++++ Provided data
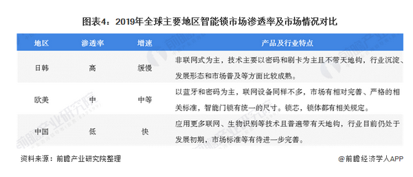 根據(jù)全國鎖具行業(yè)信息中心公布的數(shù)據(jù)顯示,中國市場滲透率目前不及日韓歐美地區(qū),2019年中國智能門鎖滲透率為7%,而韓國滲透率高達(dá)70%,歐美國家滲透率也達(dá)到50%,中國智能門鎖市場滲透率較低,增長空間巨大。目前全球智能鎖主要銷售區(qū)域集中在韓國、日本、歐美及中國等地。從市場滲透率增速來看,中國智能門鎖滲透率增速最快,在公寓、商用居住的細(xì)分市場,中國智能門鎖的滲透率有望趕超日韓。
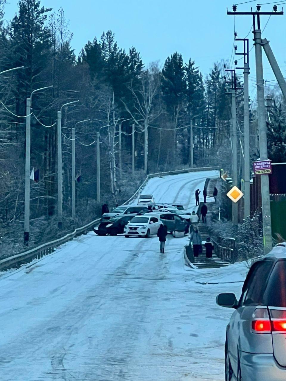 Восемь машин столкнулись из-за гололёда под Иркутском.
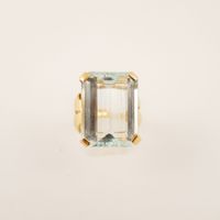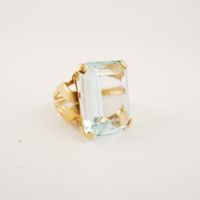 Bague en or rose 750 mil ornée d’une importe aigue-marine rectangulaire à pans coupés de 16 carats environ (TDD : 52). Travail français. 12,4 g. brut.
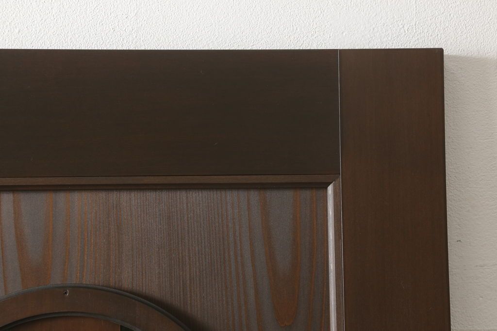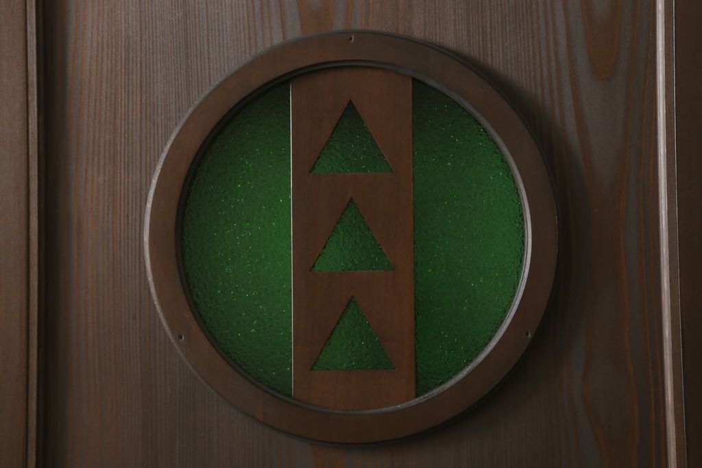 フルオーダー家具実績 > ドアを新規製作!丸窓デザインで、透かし彫りに緑のダイヤガラス入り。支給のドアノブを取り付け、本体の色味は当店商品を参考に着色。(木製扉、ガラス扉)
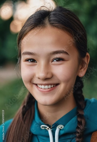 girl, smiling, happy, youthful, afternoon, coiffure, portrait, cheerful, nature, park, facial expression, joy, innocence, youth, carefree, beauty, casual clothes, friendly, vibrant, warmth, confidence, playfulness, candid, relaxed, excitement, style, fashion, personality, expression, laughter, lifestyle, engagement, young, long, hair, warm, happiness, pretty, brunette, resident, kazakhstan, generative, ai, female, smile, teeth, schoolgirl
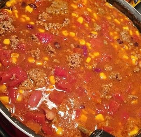 - Combine ingredients in slow cooker: Add ground beef, onion, chili beans, kidney beans, corn, tomato sauce, water, diced tomatoes, green chile peppers, and taco seasoning mix to a slow cooker.
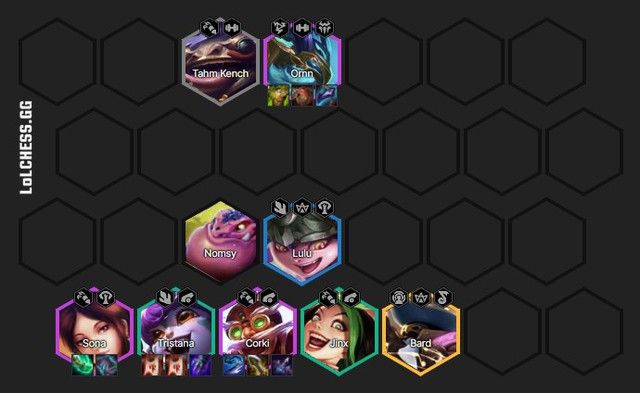 Đội hình Pháo Thủ - Lễ Hội gây damage đa dạng từ vật lý đến phép thuật. Tận dụng 'gian lận quân số' từ tộc Luyện Rồng, đội hình chiếm ưu thế ở đầu trận. Sona và Ornn làm choáng và hất tung diện rộng.
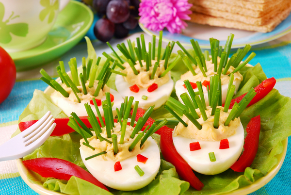 Пасху в 2015 году будут праздновать 12 апреля. Приготовь ребенку интересную пасхальную закуску: фаршированные яйца в виде забавных ежиков.
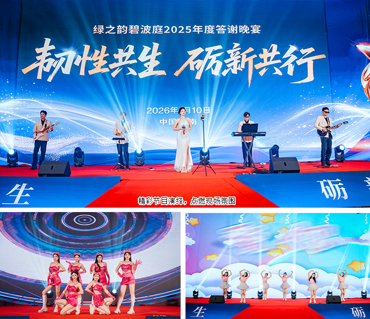 在悠揚(yáng)的樂(lè)曲與璀璨的燈光中,精彩的節(jié)目表演與驚喜連連的抽獎(jiǎng)環(huán)節(jié)交織上演,既有匠心獨(dú)具的節(jié)目演繹,也有驚喜不斷的互動(dòng)抽獎(jiǎng)環(huán)節(jié),綠之韻碧波庭家人們?cè)谂e杯暢談間細(xì)數(shù)奮斗足跡、共繪事業(yè)新篇。真摯的笑語(yǔ)、溫暖的相擁、充滿期許的目光,在璀璨燈火中交織成今夜最動(dòng)人的風(fēng)景,將綠之韻人“一家人、一條心”的情誼深深刻入這個(gè)溫暖的夜晚。
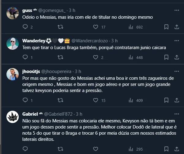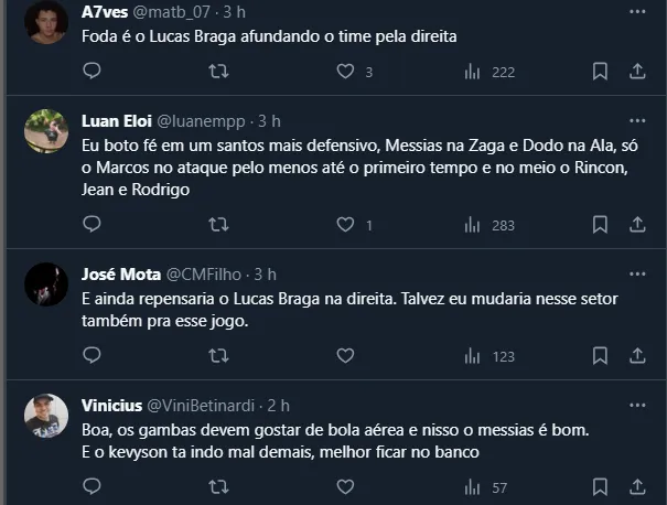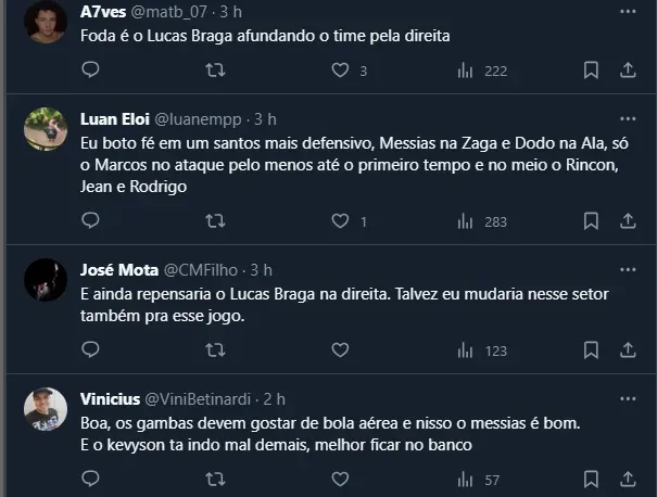 Além disso, além de elogios à entrada de Messias, santistas também foram às redes sociais pedir a saída de outro titular do time diante do Corinthians. Trata-se de Lucas Braga, que também vem realizando partidas ruins defensivamente.
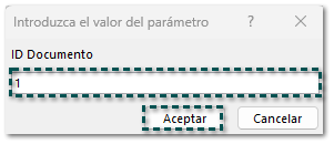 Se mostrará la siguiente ventana en la que solicita el dato ID Documento, agrega el número que deseas visualizar, y haz clic en Aceptar.
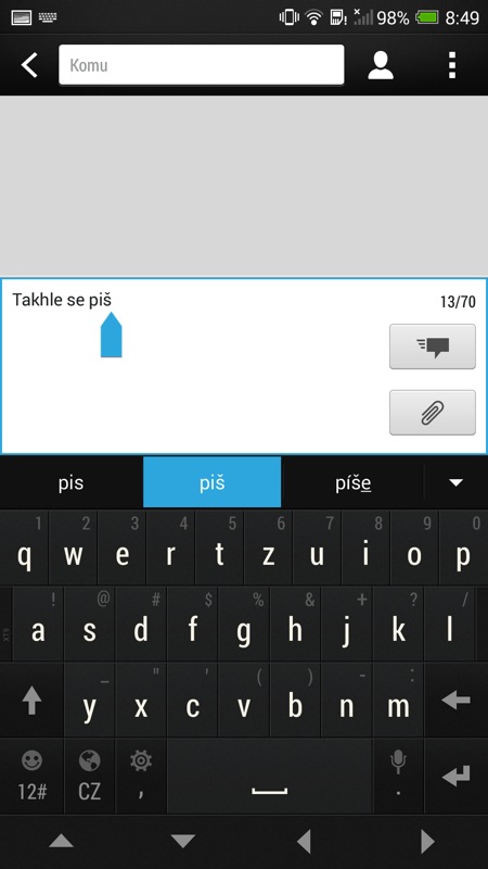 Z vlastní zkušenosti můžu dosvědčit, že s HTC Max One budete psát SMS zprávy daleko raději než telefonovat. Právě během psaní se totiž naplno projeví největší výhoda obřího telefonu – obří klávesnice. Kdykoli a v jakémkoli stavu jsem dokázal napsat na HTC klávesnici zprávu bez překlepu, aniž bych se musel na klávesy nějak zvlášť soustředit. Pokud byste ale přeci jen nechtěli do klávesnice ťukat, směle zapněte psaní pohybem prstu – funguje stejně dobře i díky kvalitnímu vestavěnému slovníku. Bohužel, osobně pro mě kazí dojem z jinak povedené SMS aplikace nešikovné provedení doručenky zpráv. Ta se ohlásí stejným zvukem, jako SMS zpráva a navíc začne strašit v notifikační liště, a vy tak musíte udělat několik úkonů navíc, abyste se jí zbavili.
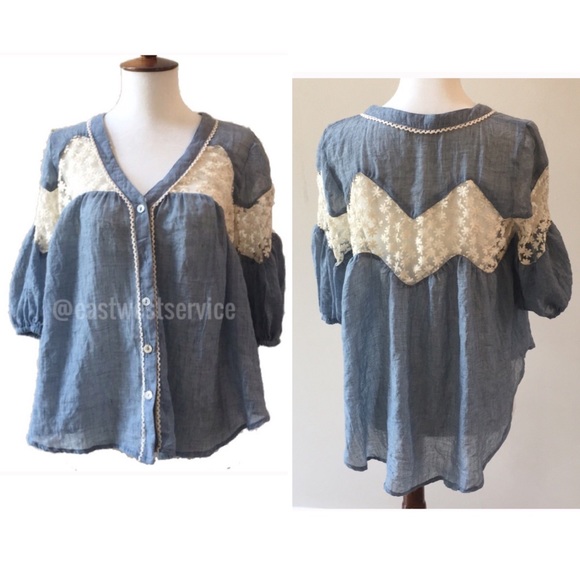 Altar'd State Tops - altar’d state chambray floral lace button up
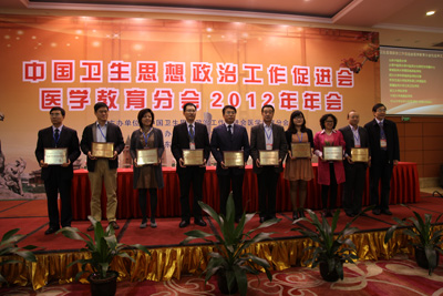 中国卫生思想政治工作促进会是由卫生部主管的国家一级社会团体,专门致力于推动全国卫生系统思想政治工作研究与实践,促进卫生行业精神文明建设的非营利性社会组织。医学教育分会成立于2007年,由北京大学、复旦大学、华中科技大学、哈尔滨医科大学等全国44家医学院(校)组成。我校为中国卫生思想政治工作促进会医学教育分会常务理事单位。本次年会为历年来参会人数最多,覆盖面最广的一次大会,会议紧扣十八大报告提出“立德树人”的要求,围绕“大学文化传承与交流”, 内容充实,思路开阔,成果丰富,共表彰了20家2012年卫生文化建设先进单位、39位优秀学生辅导员。我院为西北地区仅有的两家获表彰单位之一,另一家为新疆医科大学公共卫生学院。
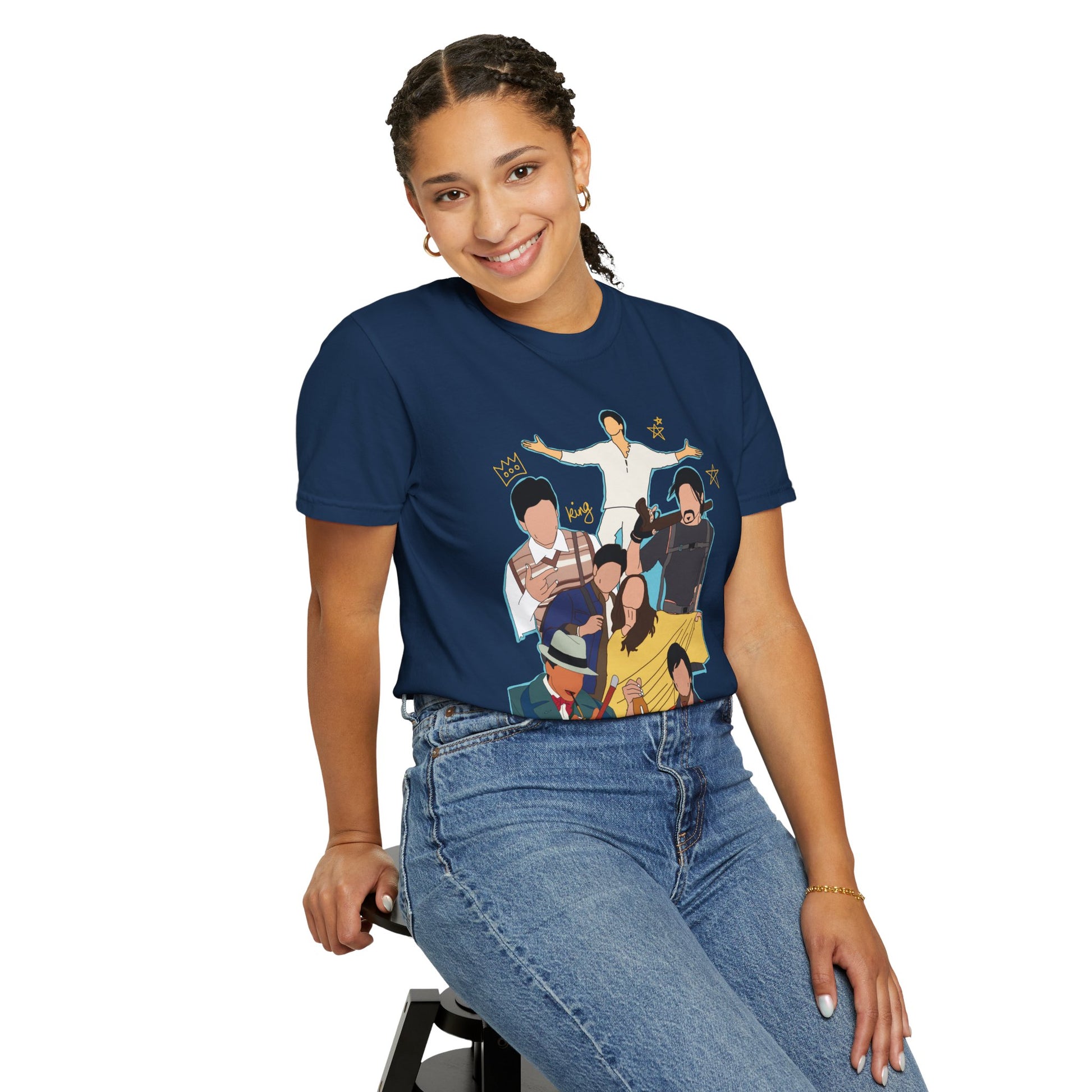 Celebrate the magic, charisma, and timeless charm of Bollywood’s ultimate superstar with this this tee. The Design featuring a bold, minimal-style collage of his most unforgettable on-screen looks, captures the nostalgia and energy of every era.
++++++++
### Task description
The records above must all be output exactly. Omit the images.

### Your solution
 根據(jù)全國鎖具行業(yè)信息中心公布的數(shù)據(jù)顯示,中國市場滲透率目前不及日韓歐美地區(qū),2019年中國智能門鎖滲透率為7%,而韓國滲透率高達(dá)70%,歐美國家滲透率也達(dá)到50%,中國智能門鎖市場滲透率較低,增長空間巨大。目前全球智能鎖主要銷售區(qū)域集中在韓國、日本、歐美及中國等地。從市場滲透率增速來看,中國智能門鎖滲透率增速最快,在公寓、商用居住的細(xì)分市場,中國智能門鎖的滲透率有望趕超日韓。
 Восемь машин столкнулись из-за гололёда под Иркутском.
 Bague en or rose 750 mil ornée d’une importe aigue-marine rectangulaire à pans coupés de 16 carats environ (TDD : 52). Travail français. 12,4 g. brut.
 フルオーダー家具実績 > ドアを新規製作!丸窓デザインで、透かし彫りに緑のダイヤガラス入り。支給のドアノブを取り付け、本体の色味は当店商品を参考に着色。(木製扉、ガラス扉)
 girl, smiling, happy, youthful, afternoon, coiffure, portrait, cheerful, nature, park, facial expression, joy, innocence, youth, carefree, beauty, casual clothes, friendly, vibrant, warmth, confidence, playfulness, candid, relaxed, excitement, style, fashion, personality, expression, laughter, lifestyle, engagement, young, long, hair, warm, happiness, pretty, brunette, resident, kazakhstan, generative, ai, female, smile, teeth, schoolgirl
 - Combine ingredients in slow cooker: Add ground beef, onion, chili beans, kidney beans, corn, tomato sauce, water, diced tomatoes, green chile peppers, and taco seasoning mix to a slow cooker.
 Đội hình Pháo Thủ - Lễ Hội gây damage đa dạng từ vật lý đến phép thuật. Tận dụng 'gian lận quân số' từ tộc Luyện Rồng, đội hình chiếm ưu thế ở đầu trận. Sona và Ornn làm choáng và hất tung diện rộng.
 Пасху в 2015 году будут праздновать 12 апреля. Приготовь ребенку интересную пасхальную закуску: фаршированные яйца в виде забавных ежиков.
 在悠揚(yáng)的樂(lè)曲與璀璨的燈光中,精彩的節(jié)目表演與驚喜連連的抽獎(jiǎng)環(huán)節(jié)交織上演,既有匠心獨(dú)具的節(jié)目演繹,也有驚喜不斷的互動(dòng)抽獎(jiǎng)環(huán)節(jié),綠之韻碧波庭家人們?cè)谂e杯暢談間細(xì)數(shù)奮斗足跡、共繪事業(yè)新篇。真摯的笑語(yǔ)、溫暖的相擁、充滿期許的目光,在璀璨燈火中交織成今夜最動(dòng)人的風(fēng)景,將綠之韻人“一家人、一條心”的情誼深深刻入這個(gè)溫暖的夜晚。
 Além disso, além de elogios à entrada de Messias, santistas também foram às redes sociais pedir a saída de outro titular do time diante do Corinthians. Trata-se de Lucas Braga, que também vem realizando partidas ruins defensivamente.
 Se mostrará la siguiente ventana en la que solicita el dato ID Documento, agrega el número que deseas visualizar, y haz clic en Aceptar.
 Z vlastní zkušenosti můžu dosvědčit, že s HTC Max One budete psát SMS zprávy daleko raději než telefonovat. Právě během psaní se totiž naplno projeví největší výhoda obřího telefonu – obří klávesnice. Kdykoli a v jakémkoli stavu jsem dokázal napsat na HTC klávesnici zprávu bez překlepu, aniž bych se musel na klávesy nějak zvlášť soustředit. Pokud byste ale přeci jen nechtěli do klávesnice ťukat, směle zapněte psaní pohybem prstu – funguje stejně dobře i díky kvalitnímu vestavěnému slovníku. Bohužel, osobně pro mě kazí dojem z jinak povedené SMS aplikace nešikovné provedení doručenky zpráv. Ta se ohlásí stejným zvukem, jako SMS zpráva a navíc začne strašit v notifikační liště, a vy tak musíte udělat několik úkonů navíc, abyste se jí zbavili.
 Altar'd State Tops - altar’d state chambray floral lace button up
 中国卫生思想政治工作促进会是由卫生部主管的国家一级社会团体,专门致力于推动全国卫生系统思想政治工作研究与实践,促进卫生行业精神文明建设的非营利性社会组织。医学教育分会成立于2007年,由北京大学、复旦大学、华中科技大学、哈尔滨医科大学等全国44家医学院(校)组成。我校为中国卫生思想政治工作促进会医学教育分会常务理事单位。本次年会为历年来参会人数最多,覆盖面最广的一次大会,会议紧扣十八大报告提出“立德树人”的要求,围绕“大学文化传承与交流”, 内容充实,思路开阔,成果丰富,共表彰了20家2012年卫生文化建设先进单位、39位优秀学生辅导员。我院为西北地区仅有的两家获表彰单位之一,另一家为新疆医科大学公共卫生学院。
 Celebrate the magic, charisma, and timeless charm of Bollywood’s ultimate superstar with this this tee. The Design featuring a bold, minimal-style collage of his most unforgettable on-screen looks, captures the nostalgia and energy of every era.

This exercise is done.